This package contains text detection and recognition algorithm. It is for general use: given any image input, output detection and recognition results.
The implementation of text detection is based on:
Boris Epshtein, Eyal Ofek, Yonatan Wexler, "Detecting text in natural scenes with stroke width transform," Computer Vision and Pattern Recognition (CVPR) 2010.
1. Given an input image, detecting the text region based on the algorithm described in the paper above.
2. After the text region detected, cropped out region will be fed into tesseract ocr engine.
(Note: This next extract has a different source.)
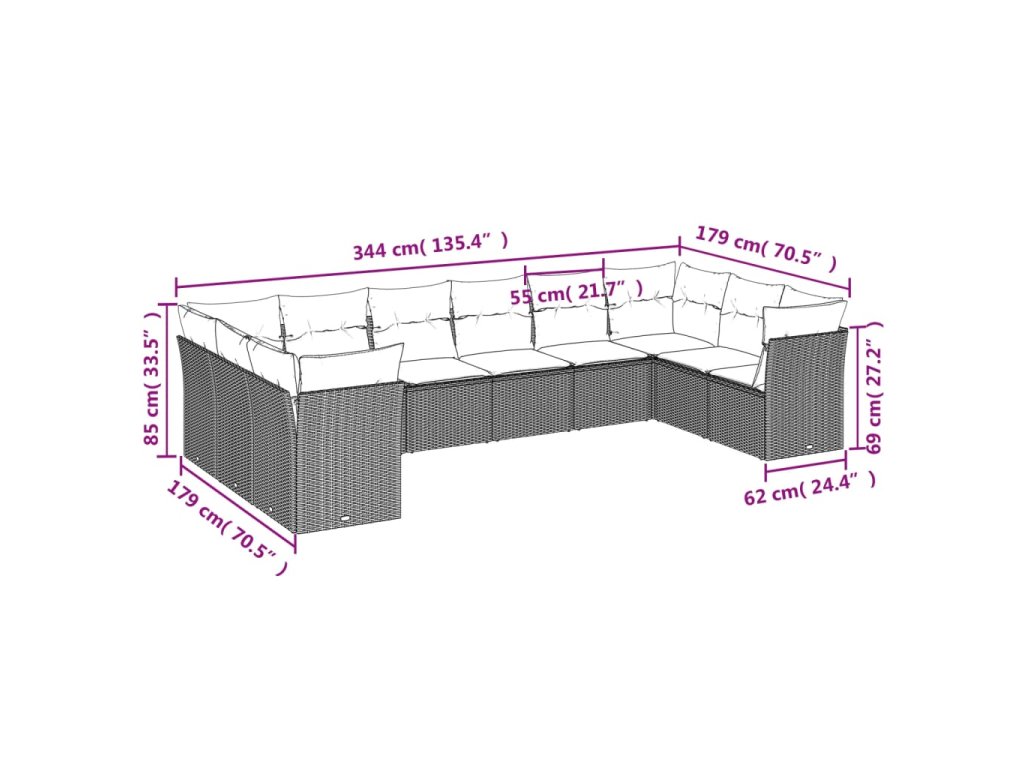 10-dielna záhradná sedacia súprava s vankúšmi polyratanová sivá 3250041

3. Instead of directly output ocr result, another dictionary search step is performed. Using letter appearance correlation, the closest word in dictionary is found as the final output.
run test script
After compiling the code, to test the code:
roscd read_text cd scripts sh test.sh
Which will read in a test image, a letter correlation matrix and a dictionary, output an image named ***_detection.jpg under the same directory, showing detected region with acceptable ocr results and final output text in the right side of the image.
command line usage
The following is just the content in test.sh:
rosrun read_text run_detect ../images/test_image.jpg ../fonts/correlation.txt ../dictionary/full-dictionary
First input is any image file readable by OpenCV, either color or gray-scale image.
The second is a correlation measurement for letter appearance, generated from letter templates under fonts/. The correlation file is a plain text file contains 62*62 float numbers between (0-1], indicating correlation between [a-z,A-Z,0-9]. Script for generating your own correlation file is coming soon.
The third input is the dictionary file, plain ASCII file with one word each line. The default dictionary provided in the package has 74550 words with both capital initial, capital all, lower all cases(e.g. Literate, LITERATE, literate), thus in size of 223650, 3 times larger. You can easily generate your own dictionary with all cases using scripts/dictionary.py. (Note: if you give smaller dictionary, the results will be more accurate.)
batch run detection
A script for batching up detection for images under the same directory (recursively) is also provided.
mkdir results cd results python scripts/filelist.py <path/to/input/folder>
The script recursively checks all images for certain formats(see the script for more detail) under input directory and run detection, outputting results under current directory where you run the script. Note, the input images should have different names, otherwise the results will be overwritten.
1. Currently, we use linear search over dictionary when correcting OCR results. A hash based search scheme will be implemented.
2. Following text region detection, we will add an additional step to rotate text into horizontal aligned, for better OCR results.
3. Maybe rewrite implementation in stroke width transform using OpenCV line iterator, may be faster.